STORED DATA:
· · · · · · ·
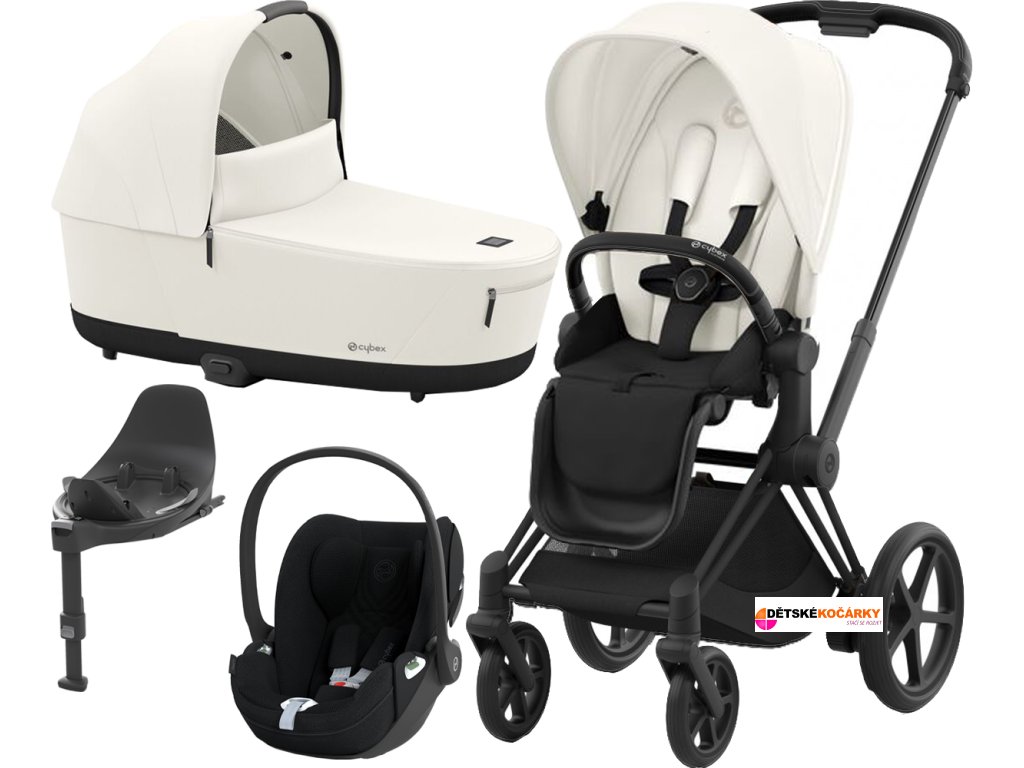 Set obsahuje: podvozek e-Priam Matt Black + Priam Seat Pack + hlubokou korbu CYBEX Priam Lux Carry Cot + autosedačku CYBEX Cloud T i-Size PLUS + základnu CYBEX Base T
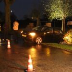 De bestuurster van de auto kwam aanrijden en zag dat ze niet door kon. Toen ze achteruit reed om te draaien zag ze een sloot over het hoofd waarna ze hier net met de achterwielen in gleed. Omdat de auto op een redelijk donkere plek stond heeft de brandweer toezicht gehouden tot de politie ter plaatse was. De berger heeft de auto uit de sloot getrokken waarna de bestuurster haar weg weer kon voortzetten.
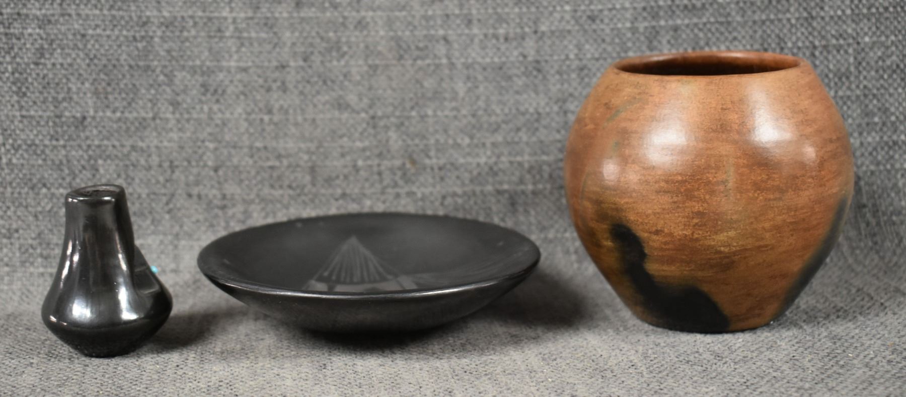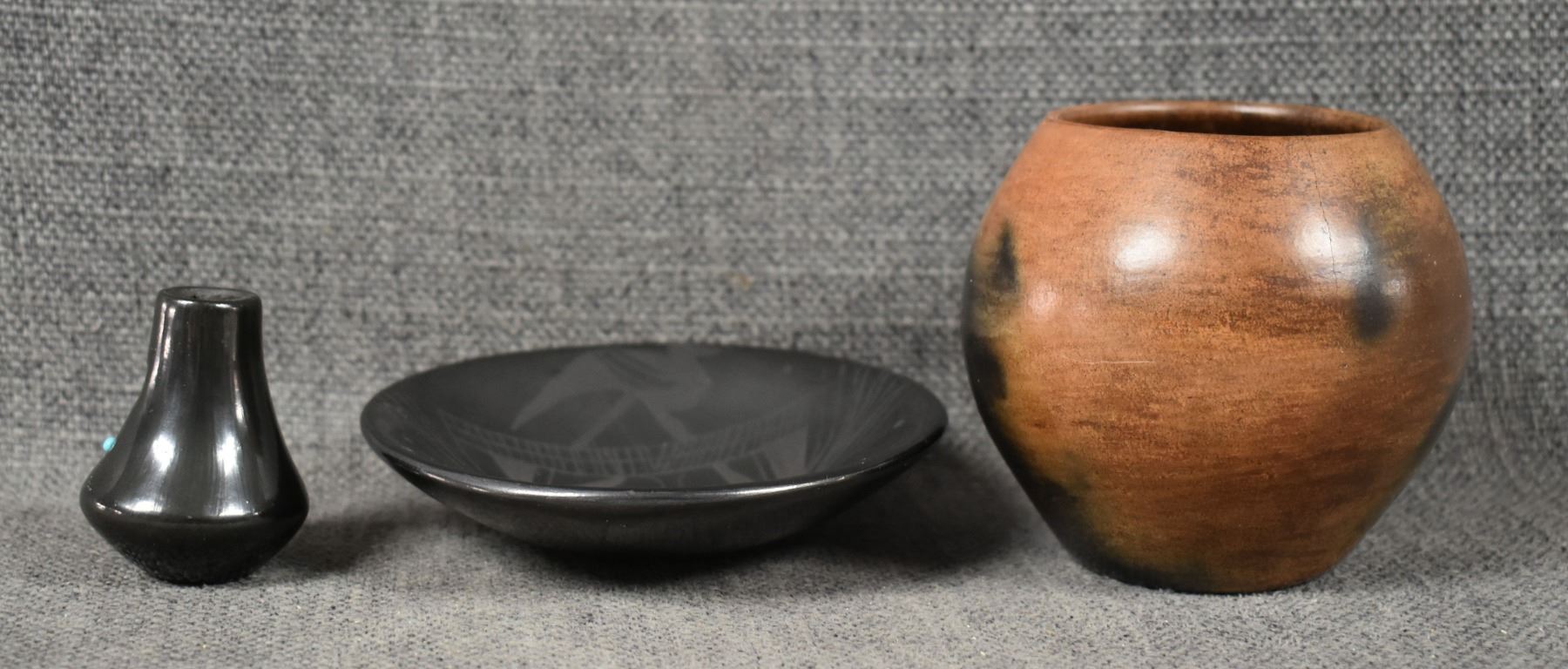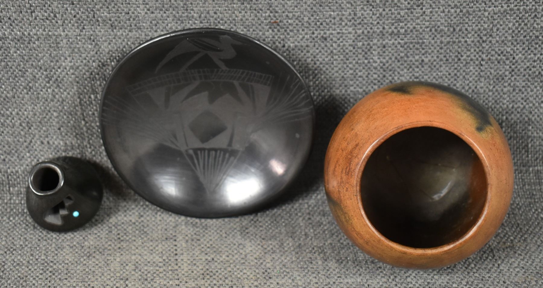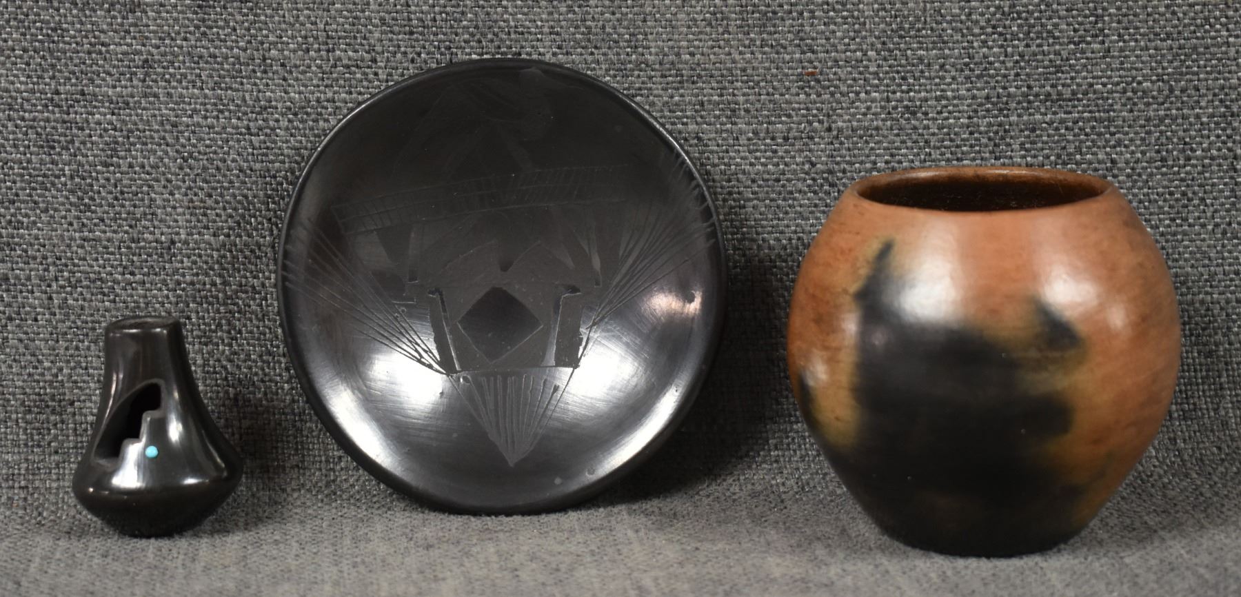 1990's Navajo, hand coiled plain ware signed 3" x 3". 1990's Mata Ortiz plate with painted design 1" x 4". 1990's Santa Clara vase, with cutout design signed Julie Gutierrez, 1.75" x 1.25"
· · · · · · ·
Retype all of the listing above exactly, but keep its pictures out.

EXERCISE RESULT:
 Set obsahuje: podvozek e-Priam Matt Black + Priam Seat Pack + hlubokou korbu CYBEX Priam Lux Carry Cot + autosedačku CYBEX Cloud T i-Size PLUS + základnu CYBEX Base T
 De bestuurster van de auto kwam aanrijden en zag dat ze niet door kon. Toen ze achteruit reed om te draaien zag ze een sloot over het hoofd waarna ze hier net met de achterwielen in gleed. Omdat de auto op een redelijk donkere plek stond heeft de brandweer toezicht gehouden tot de politie ter plaatse was. De berger heeft de auto uit de sloot getrokken waarna de bestuurster haar weg weer kon voortzetten.
 1990's Navajo, hand coiled plain ware signed 3" x 3". 1990's Mata Ortiz plate with painted design 1" x 4". 1990's Santa Clara vase, with cutout design signed Julie Gutierrez, 1.75" x 1.25"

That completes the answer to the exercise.